[PROBLEM DETAILS]:
Write the records out again exactly, leaving no images in.

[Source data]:

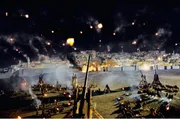 Balian (Orlando Bloom, l.) flüchtet aus seinem Heimatdorf und schließt sich seinem Vater Godfrey (Liam Neeson) an, mit dem er in das Heilige Land reisen will.
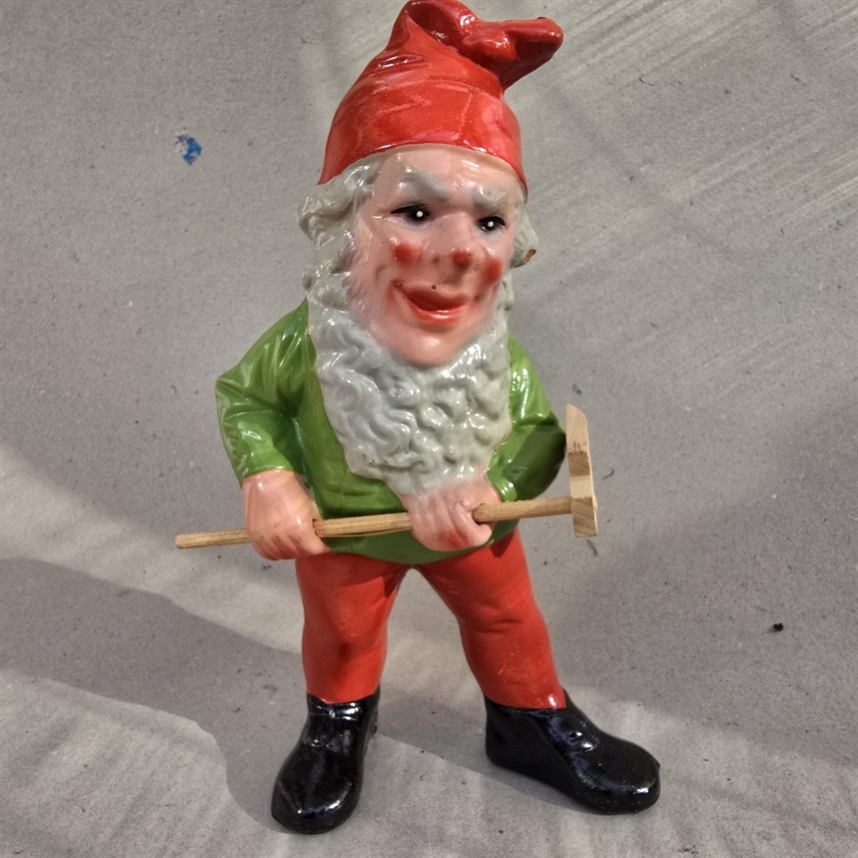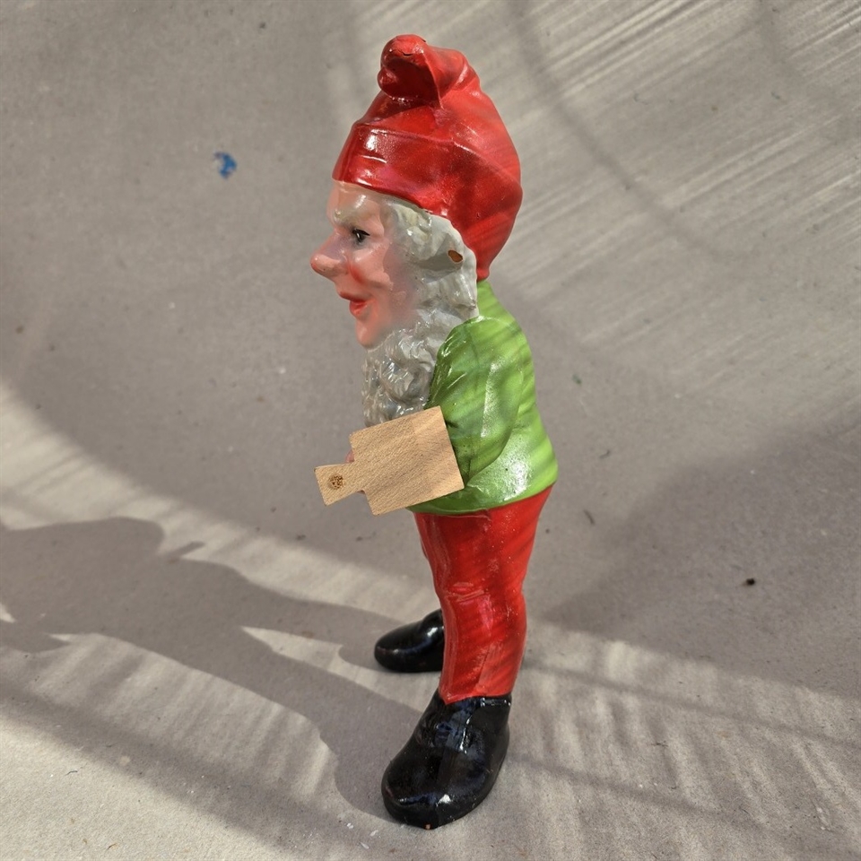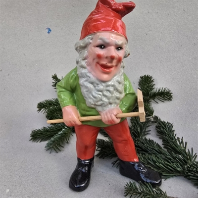 Denne unikke nisse holder en lille træhakke, klar til at hjælpe til med juleforberedelserne i det skjulte.
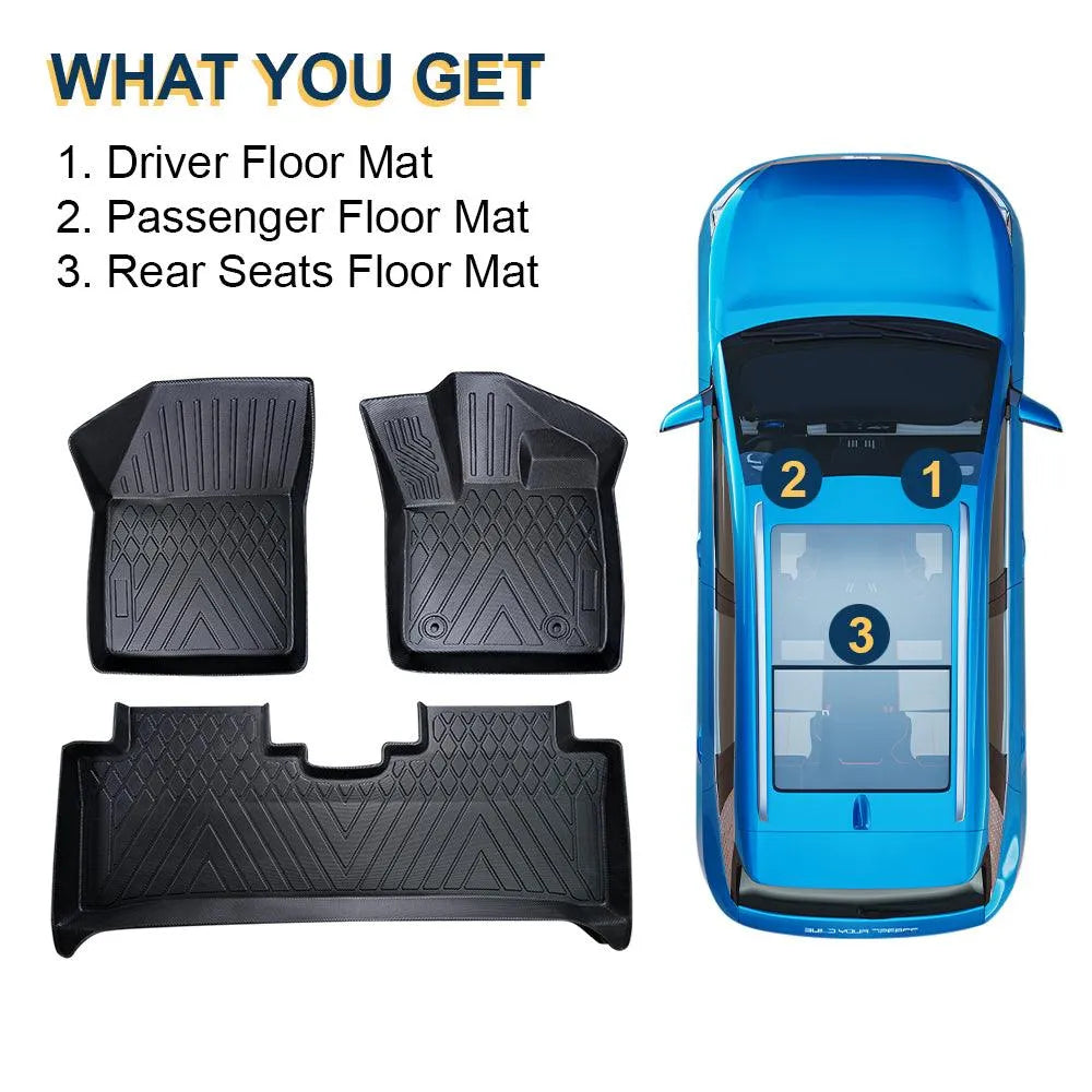 Premium Materials: Made from high-quality TPE and carpet, these mats combine softness, comfort, and durability for long-lasting interior protection.
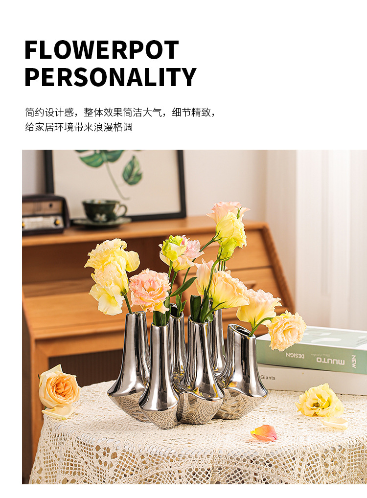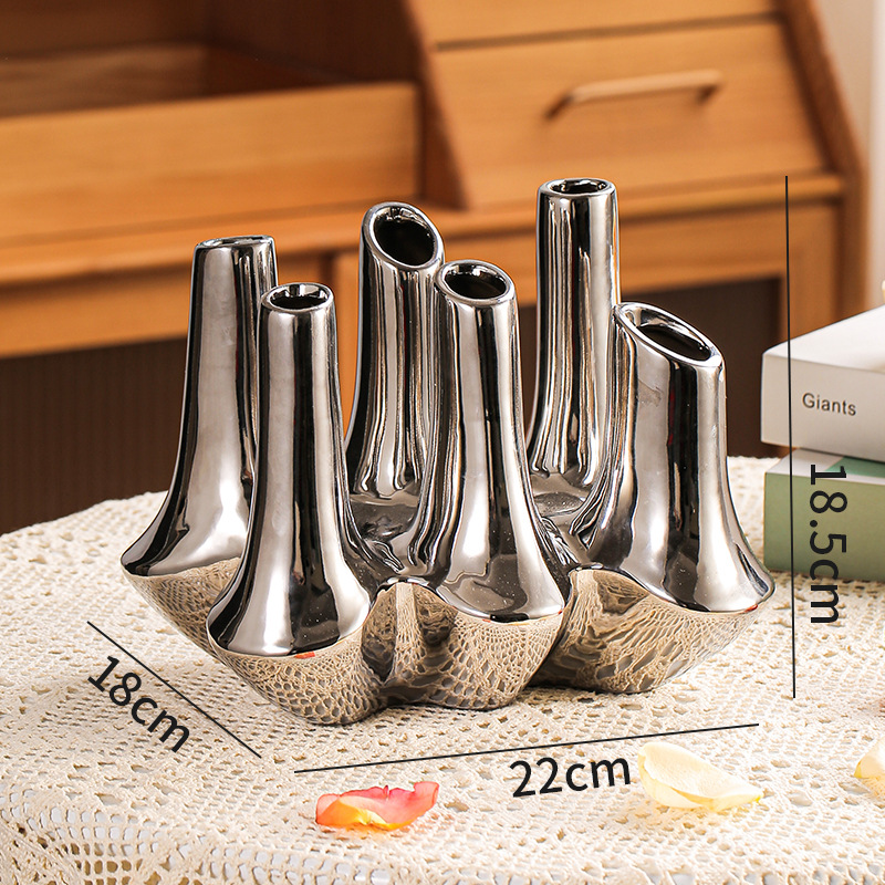 현대 창조적 인 수제 세라믹 추상 꽃 용기 홈스테이 모델 룸 보석 장식품 거실 입구 멀티 포트 꽃병
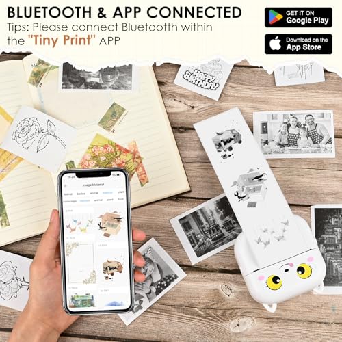 Die Bedienung des Druckers könnte nicht einfacher sein. Nach der Installation der „Tiny Print“-App auf deinem Smartphone kannst du im Handumdrehen eine Verbindung über Bluetooth herstellen. Die App führt dich durch den Verbindungsprozess, was besonders für weniger technikaffine Benutzer eine Erleichterung darstellt.

[TASK OUTPUT]:
 Balian (Orlando Bloom, l.) flüchtet aus seinem Heimatdorf und schließt sich seinem Vater Godfrey (Liam Neeson) an, mit dem er in das Heilige Land reisen will.
 Denne unikke nisse holder en lille træhakke, klar til at hjælpe til med juleforberedelserne i det skjulte.
 Premium Materials: Made from high-quality TPE and carpet, these mats combine softness, comfort, and durability for long-lasting interior protection.
 현대 창조적 인 수제 세라믹 추상 꽃 용기 홈스테이 모델 룸 보석 장식품 거실 입구 멀티 포트 꽃병
 Die Bedienung des Druckers könnte nicht einfacher sein. Nach der Installation der „Tiny Print“-App auf deinem Smartphone kannst du im Handumdrehen eine Verbindung über Bluetooth herstellen. Die App führt dich durch den Verbindungsprozess, was besonders für weniger technikaffine Benutzer eine Erleichterung darstellt.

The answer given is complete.